Upaya mahasiswa juga difokuskan pada penciptaan suasana yang nyaman dan kondusif bagi para balita. Hal ini sangat penting, terutama ketika anak-anak harus menunggu giliran mereka untuk mendapatkan pelayanan imunisasi.
Tenaga kesehatan profesional kemudian melanjutkan dengan memberikan imunisasi kepada balita, sesuai dengan kebutuhan individual masing-masing anak dan jadwal imunisasi yang telah ditetapkan.
Audy Yuniarti, salah satu mahasiswa dari KKN MAS Kelompok 21, menyampaikan pandangannya mengenai keterlibatan mereka dalam kegiatan Posyandu. Menurutnya, pengalaman ini memberikan nilai dan pelajaran yang sangat berharga.

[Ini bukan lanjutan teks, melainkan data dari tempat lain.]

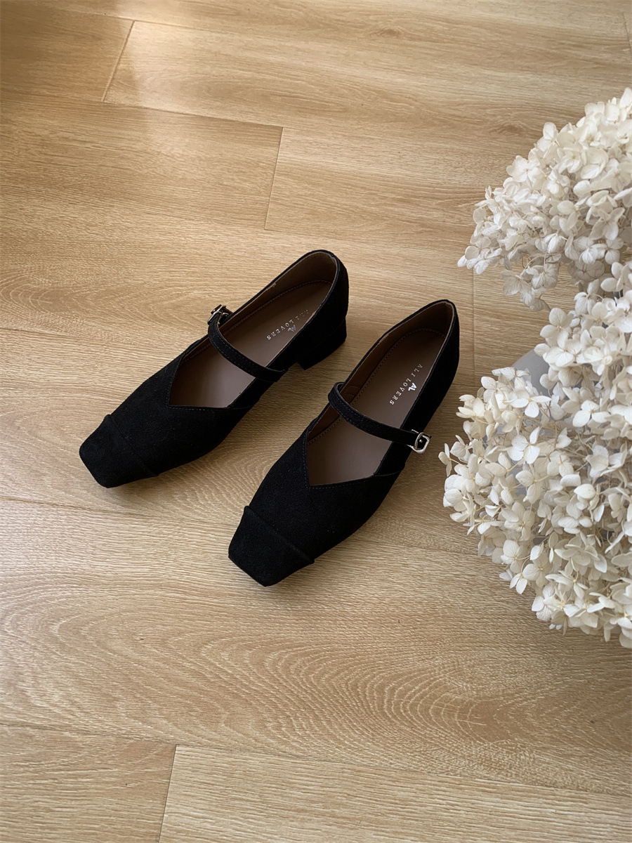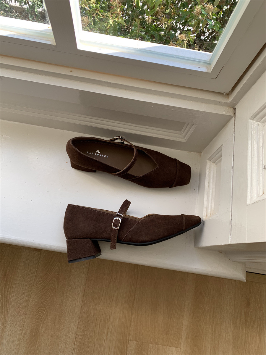 프랑스 레트로 메리 제인 신발 여성 2025 봄 새로운 스웨이드 스티칭 라이트 두꺼운 힐 스퀘어 발가락 싱글 버튼 신발스토어 가기

“Ikut terlibat dalam kegiatan Posyandu ini bukan hanya tentang menerapkan apa yang sudah dipelajari di kampus, tetapi juga belajar memahami kondisi masyarakat secara langsung. Melihat ibu hamil dan balita mendapatkan pelayanan kesehatan dengan baik menjadi pengalaman yang sangat berarti,” ujar Audy.
Audy menambahkan bahwa partisipasi dalam kegiatan Posyandu ini membuka kesempatan bagi mahasiswa untuk belajar langsung dari interaksi dengan masyarakat. Pengalaman praktis semacam ini sekaligus memperluas pemahaman mereka mengenai pentingnya pelayanan kesehatan dasar di komunitas.
Lebih dari sekadar pusat layanan kesehatan, Posyandu juga memiliki fungsi yang lebih komprehensif. Ia berperan sebagai platform komunikasi yang efektif, mempertemukan masyarakat, kader kesehatan, dan tenaga medis untuk berinteraksi dan berbagi informasi.
Melalui jalur komunikasi yang terjalin di Posyandu, para orang tua dapat memperoleh berbagai informasi penting mengenai kondisi kesehatan anak-anak mereka. Kesempatan ini juga digunakan untuk menanamkan pemahaman tentang betapa krusialnya menjaga kesehatan sejak usia dini.
Kehadiran dan dukungan dari KKN MAS Kelompok 21 diharapkan dapat berkontribusi pada keberlanjutan serta peningkatan kualitas kegiatan Posyandu di Dusun Slatri.
Selain itu, melalui kegiatan ini, diharapkan kesadaran dan kepedulian masyarakat terhadap pentingnya kesehatan ibu dan anak akan semakin meningkat.
Para mahasiswa juga secara aktif mengajak para ibu hamil untuk rutin menjalani pemeriksaan kesehatan selama masa kehamilan mereka. Tak lupa, orang tua juga diimbau untuk tidak pernah melewatkan jadwal imunisasi yang telah ditentukan bagi balita mereka, demi tumbuh kembang optimal anak.